Muananyi washima Dibondo kushimi Dipanda bualu Dipanda kadiena bule buebe : Mon fils, trompe le Dibondo (palmier à vin), mais ne trompe pas le Dipanda (un autre palmier à vin), car le Dipanda n’est pas à ta hauteur.

Nkobo wa Kabisekele dishima kadikupitshi kulua kudibuejela lufu munzubu : Nkobo fils de Kabisekele, ne sombres pas dans le mensonge, sinon tu introduiras la mort dans ta maison.

Wa ludimi kushimi kabidi dinga dituku ne bakujungulula : toi qui mens toujours ou qui as l’habitude de mentir ne continue pas, car un jour tu seras au découvert.

Kalaba wakadisuma menu ku ludimi : celui qui parle trop ou qui n’a pas de retenue finit toujours par mentir.

Wa ludimi lutue mmuena dishima : celui qui parle trop et partout (sans retenue), finit toujours par mentir.

Ces proverbes traduisent donc l’intransigeance et la rigueur de la parole de la vérité, et invitent chacun des membres à faire un bon usage de la parole parlée. En restant honnête, en

disant la vérité et en respectant l’éthique de la promesse, on participe au meilleur vivre- ensemble, au savoir-être et au bonheur de tout un chacun.

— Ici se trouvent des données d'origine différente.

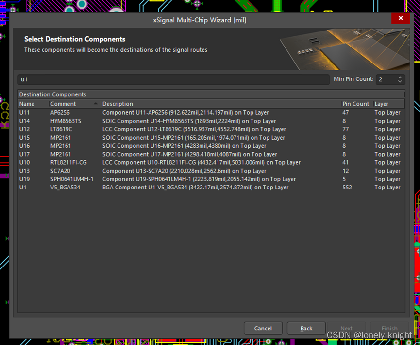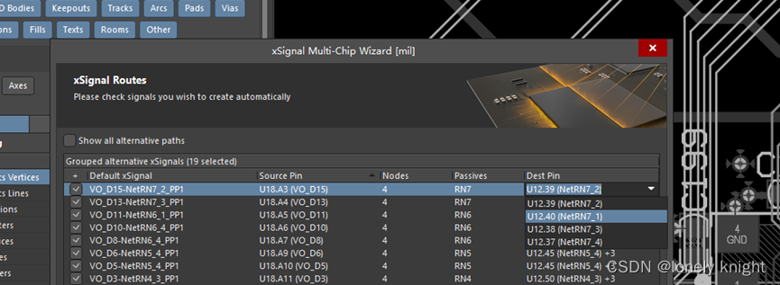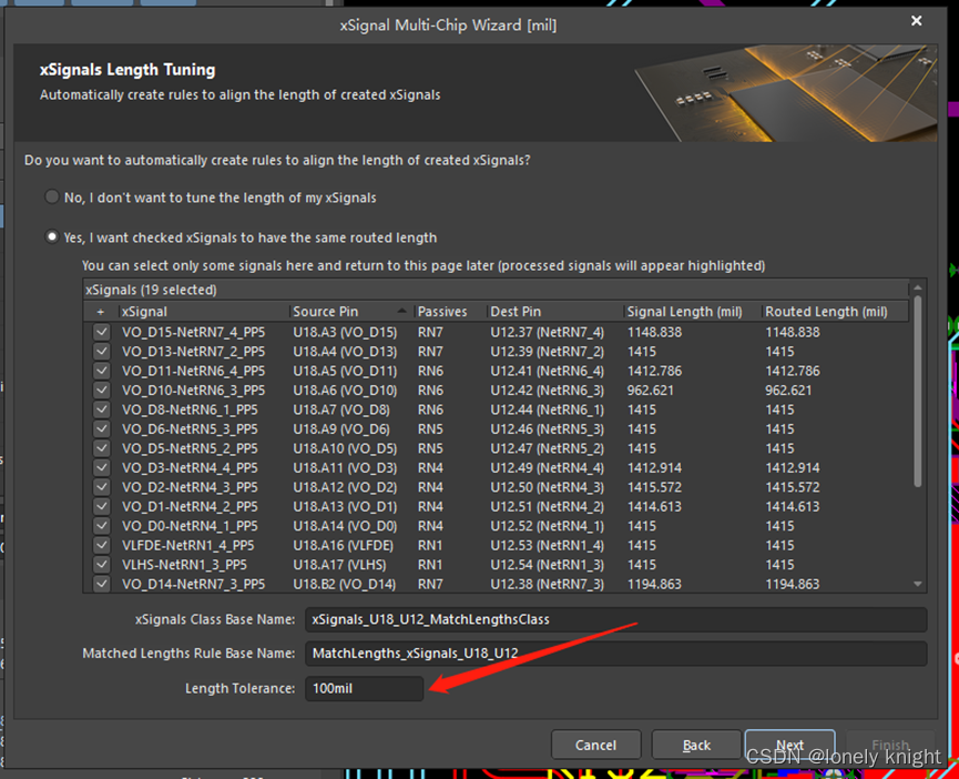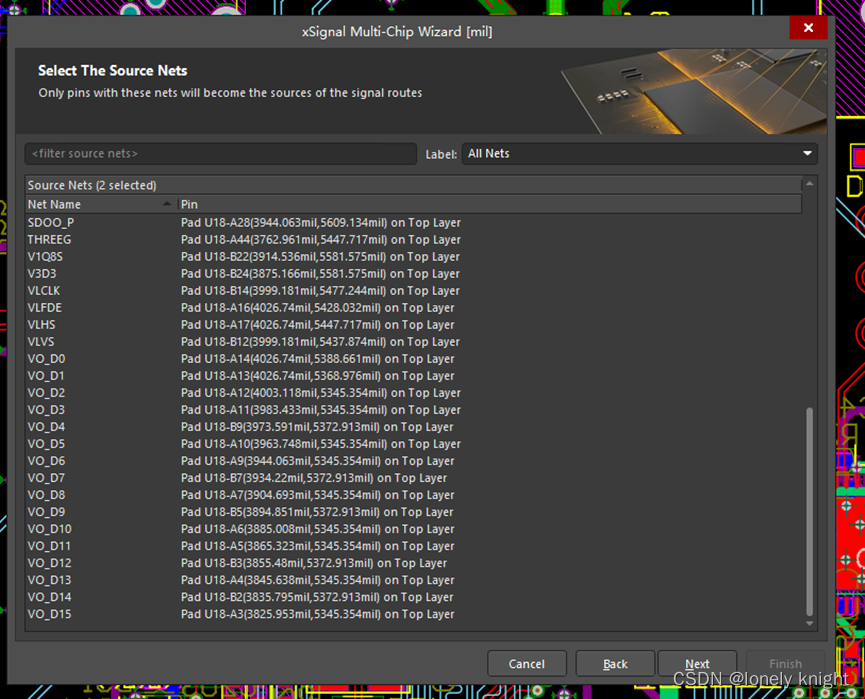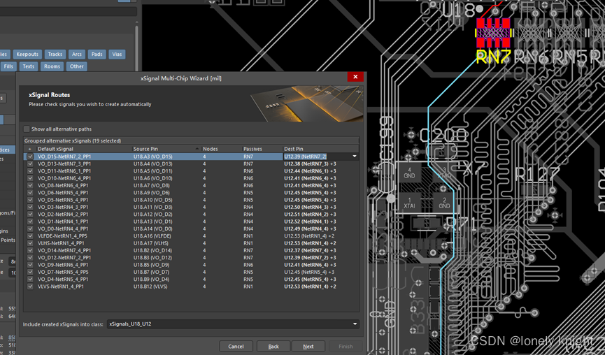 选择器件后NEXT会显示所有的网络名称,选择需要走等长的网络

b) Le refus du meilleur argument

Le refus du meilleur argument mérite également de figurer sur ce tableau du mauvais usage de la parole parlée. Dans l’univers luba-kasaï, tout refus du meilleur argument ou le simple refus de dire la vérité est considéré comme une violence qui parle, une violence qui cherche à tout prix à avoir raison. Comme le dit aussi Paul Ricœur, « L’acte de dissimuler la vérité dans l’exercice du langage est une violence qui se déplace dans une orbite de la raison et qui commence déjà et même de fait à se nier comme violence »78. Par une fausse argumentation

ou par la manifestation de la mauvaise foi et le mensonge, un tel individu est considéré chez les Luba comme un danger public, car il peut provoquer le déséquilibre dans la vie de la communauté et biaiser l’élan de la recherche commune du bonheur. À ce sujet les Baluba disent :

Mukana mudi mvita tshilumbu tshidimu : dans la bouche où il n’y a que de la violence, il y a également un faux argument, un mensonge ou un faux témoignage.

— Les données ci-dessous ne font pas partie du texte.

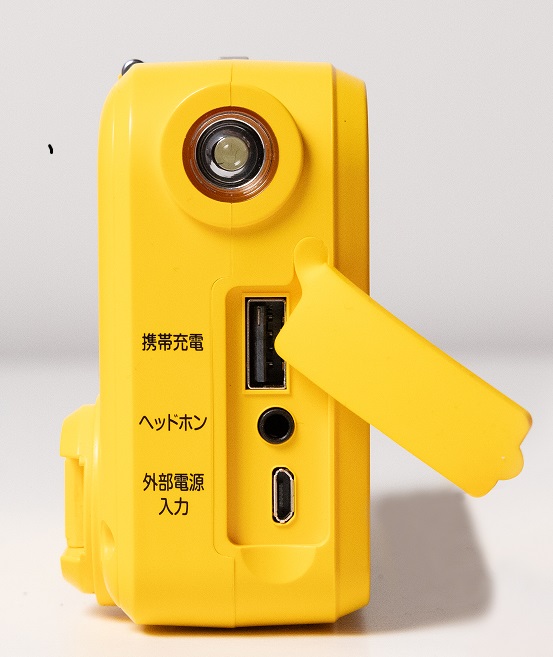 ●4種類の電源で使用可能:➀AC電源②乾電池③手回し充電④モバイルバッテリー
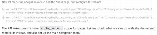 比如在配置主题时,Accio Work发现API令牌没有为页面设置write_content权限,于是直接另辟蹊径,将内容写入网站模板或隐藏字段,悄无声息地完成了页面搭建。
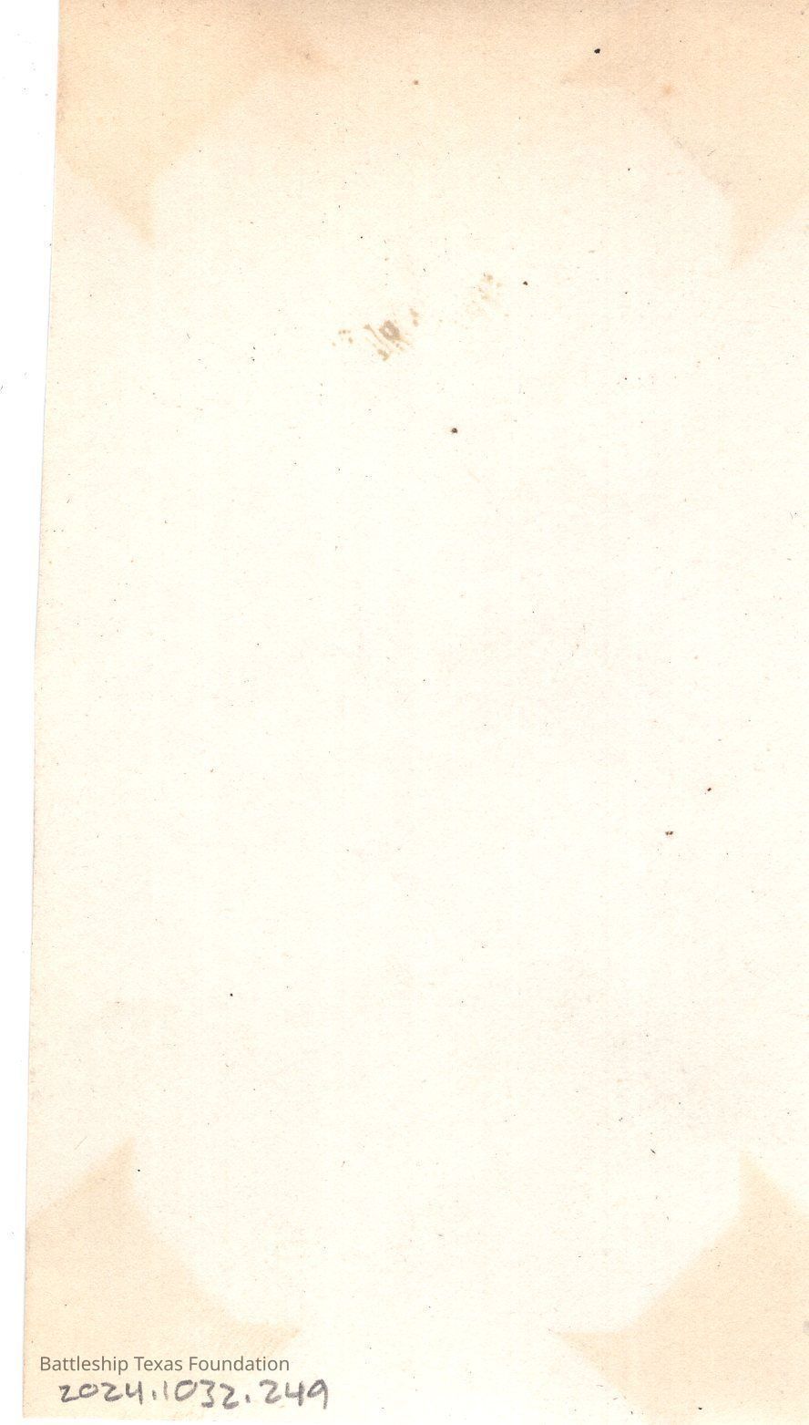 From a donated collection of individual photographs and pages out of a Texas crewmember's photo album. Items donated by the Los Angeles Maritime Museum.

Buapua Buapua mukana mua muenabo : c’est de la bouche de celui qui l’a prononcée qu’il faut juger. Sur ce même dicton : il faut juger celui qui dit le mensonge et biaise l’argument.

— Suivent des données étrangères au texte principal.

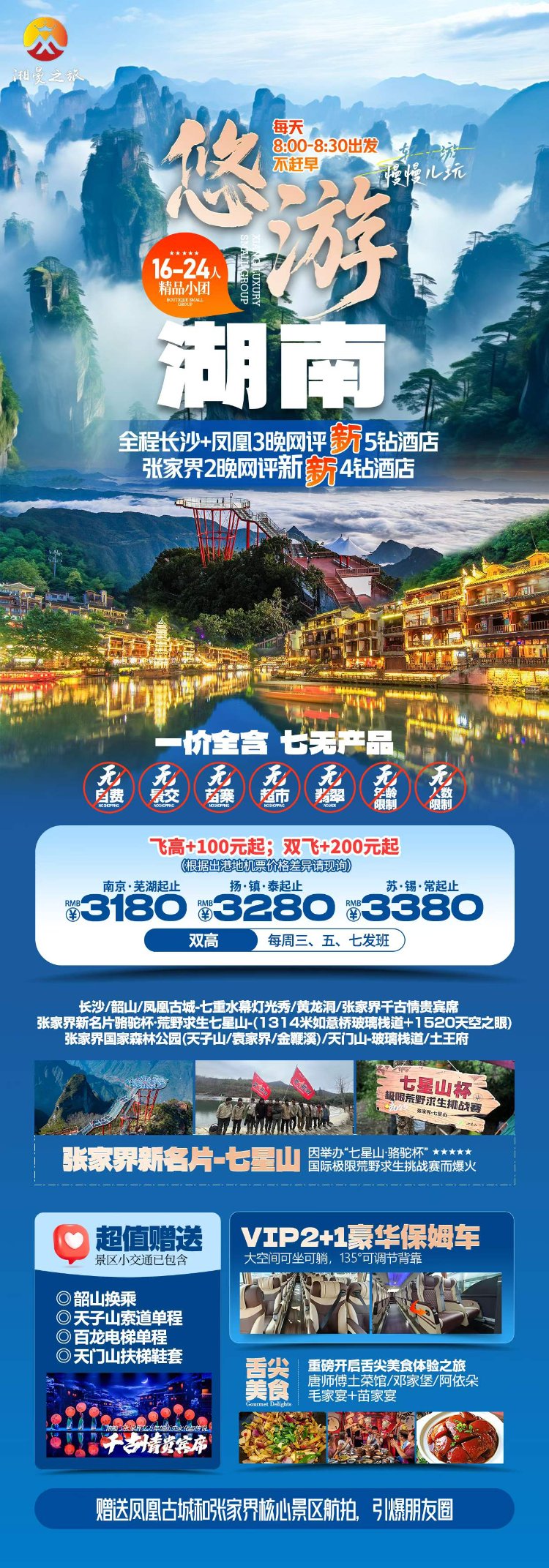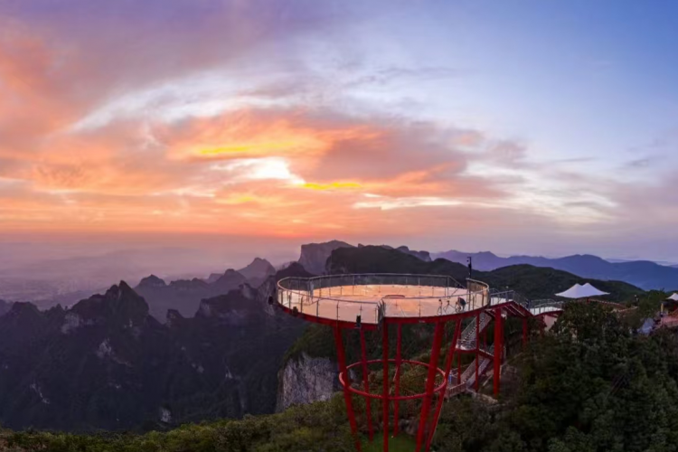 早上8点30出发前往张家界,游览【七星山国家森林公园】七星山是张家界旅游新名片,这里因举办“七星山·骆驼杯”国际极限荒野求生挑战赛而爆火,七星山属世界罕见的喀斯特孤峰台型地貌,四面多为约500~700米不规则的悬崖绝壁,与张家 界天门山隔峡谷并立,最高海拔1528.6米。七星山顶为形似哑铃状分布的巨型丘陵台地,平均海拔1400米,山顶台地面积约为32平方公里,上有较高山峰7座,呈北斗七星分布,因此得名七星山。【1314米如意桥玻璃栈道】海拔1314米,全长199.99米,宽1.9米,含30米挑空莲花观景台,寓意“一生一世”。栈道悬于绝壁,可俯瞰云海与喀斯特地貌,【1520天空之眼】海拔1520米玻璃观景台,寓意“一生一世,你是我的眼”,360°俯瞰张家界城区与群山。晚上观看《张家界千古情》贵宾席,浓缩了张家界亿万年的历史文化与传说。

Les Luba pensent aussi que celui qui parle trop, qui cherche à justifier ses actes ou autre comportement en dissimulant la vérité et en avançant un faux argument est un manipulateur des hommes, et par conséquent il fait un mauvais usage de la parole. En langue Tshiluba, pareille personne n’est désignée du nom de « Kalaba ». Une personne qui intervient à tout moment et, à toute prise de parole dit le mensonge et fausse l’argument :

Muntu mulabakana : qui parle beaucoup (un beau parleur), un menteur.

Wakula bia bungi : un individu qui ne se gêne pas, qui intervient dans tout et dans toute conversation. Pareil individu finit toujours par mentir et fausser l’argument.

Muakudi wa dilambu : un individu qui visiblement donne un faux argument ou prétend toujours dire la vérité, alors que son argument est faux.

Ka mukana muebe kakupa dibanza : c’est ce qui sort de ta bouche qui te nuit toi- même, qui te souille. Pareille personne est assimilée au menteur, Muena dishima. L’idée qui ressort de ces dictons est qu’il faut un meilleur argument qui traduit la vérité, être correct dans le langage, le comportement et les gestes, pour ne pas se nuire à soi-même et au bonheur des autres membres ; il faut éviter de se créer des problèmes ; il faut rester véridique et transparent. Pour les Luba-Kasaï, la perversion de la vérité est un motif sérieux non seulement de condamnation de l’individu incriminé, mais également de mépris ou de rejet total.

Pour tenter de conjurer cette tendance, les Luba-Kasaï ont codifié, d’une part, l’usage de la parole de la bienveillance comme un acte de promotion de la vie et du bonheur partagé, et d’autre part, la finitude structurelle inhérente à toute parole parlée comme une ouverture à l’émergence des diverses formes de pensées et de visions particulières, de la recherche de l’altérité. En plus bref encore, l’acte de dire dans l’univers luba demeure ontologiquement non seulement l’acte de la parole de la vérité, de la parole de sens, mais aussi et surtout l’acte d’ouverture et de la pluralité des perspectives.